Du standest in der Tür, als ich zurückkam. Schautest mich in diesem Moment nicht an, sondern dein Blick verlor sich in der Ferne irgendwo hinter meinem Rücken. Ich drehte mich um, konnte aber nicht das sehen, was du sahst.
Mein Panzer ist brüchig in solchen Momenten, ich bin weicher dann. Als ich dir näher kam, spürte ich mit jedem Schritt die Zärtlichkeit wachsen. Ich wusste: Die Nacht wird kommen und keine Lügen zulassen.
Später saßen wir am Tisch, aßen, tranken wie gewohnt ein wenig Wein. Das Licht
der Kerzen umarmte unsere Haut, und es erfüllte mich mit Wärme.
„Kann man lernen, in den Schatten das Licht zu sehen?“, fragtest du plötzlich.
Worte, die ich nicht bereit war anzunehmen in diesem Moment. Ebenso wenig wie meine Worte „Ich ertrage es nicht, wenn du gehst“, die ich nicht einmal in meinen Gedanken haben wollte und sie bis zum Abgrund trug und ungesagt hineinwarf.
Und so blieb ich stumm, sah meine Worte nur in deinen Augen.
Die Nacht war endlos, ohne Schlaf, und unser Schweigen wenigstens ehrlich.
Die nächsten Tage waren erfüllt von Urlaubsroutine. Ich fand dich oft im
Sand liegend, ausgebreitete Arme und in deinen Augen spiegelte sich der Himmel. Ich konnte dir nicht folgen, zum ersten Mal in all den Jahren.
Wir wussten es beide, damals an jenem Abend.
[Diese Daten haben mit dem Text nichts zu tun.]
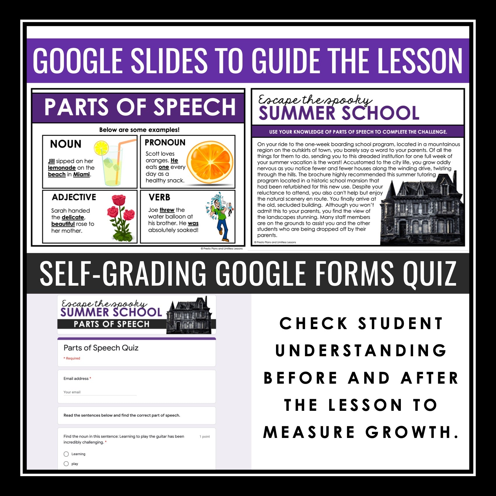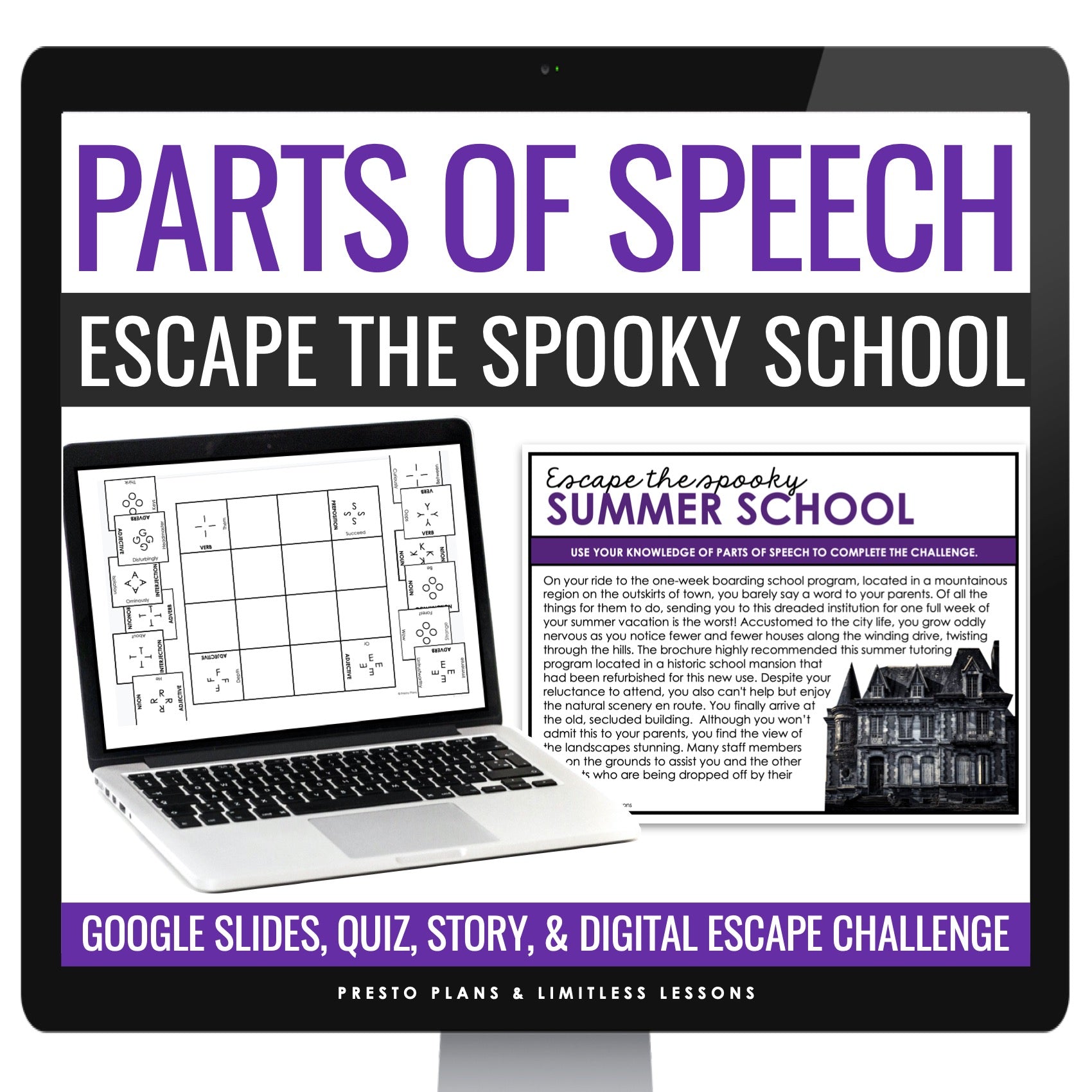 Parts of Speech Escape Room Digital Grammar Activity, Google Slides, and Quiz
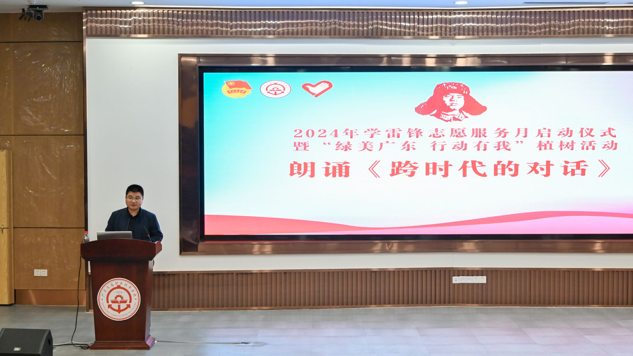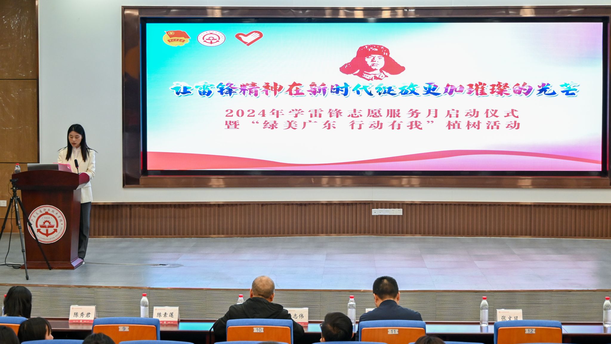 当日下午,学院2024年学雷锋月启动仪式暨“绿美广东 行动有我”植树活动在清远校区学术报告厅顺利举办。学院党委副书记廖金宝,党委学生工作部、团委负责人,二级学院党委书记、副书记、辅导员和志愿者代表们参加了启动仪式。

Ich spüre noch deine Hand an meiner Wange, und deine Worte klingen in mir nach:
„Das Leben ist eine bittersüße Sinfonie, die du aber noch für dich komponieren musst.“
Ich musste dich gehen lassen. Werde leben, dieses bittersüße Leben mit all seinen Facetten. Du wirst nicht verblassen, aber ich spüre, dass der stechende Dorn seine Macht verliert und
die Erinnerung an dich mir nicht nur in meinen Träumen ein Lächeln in die Augen zaubert.
DU …
Du ...
"Du darfst weinen, wie bei jedem Abschied.
Diesmal werden deine Tränen ein Fluss sein, der mich sacht hinüberträgt."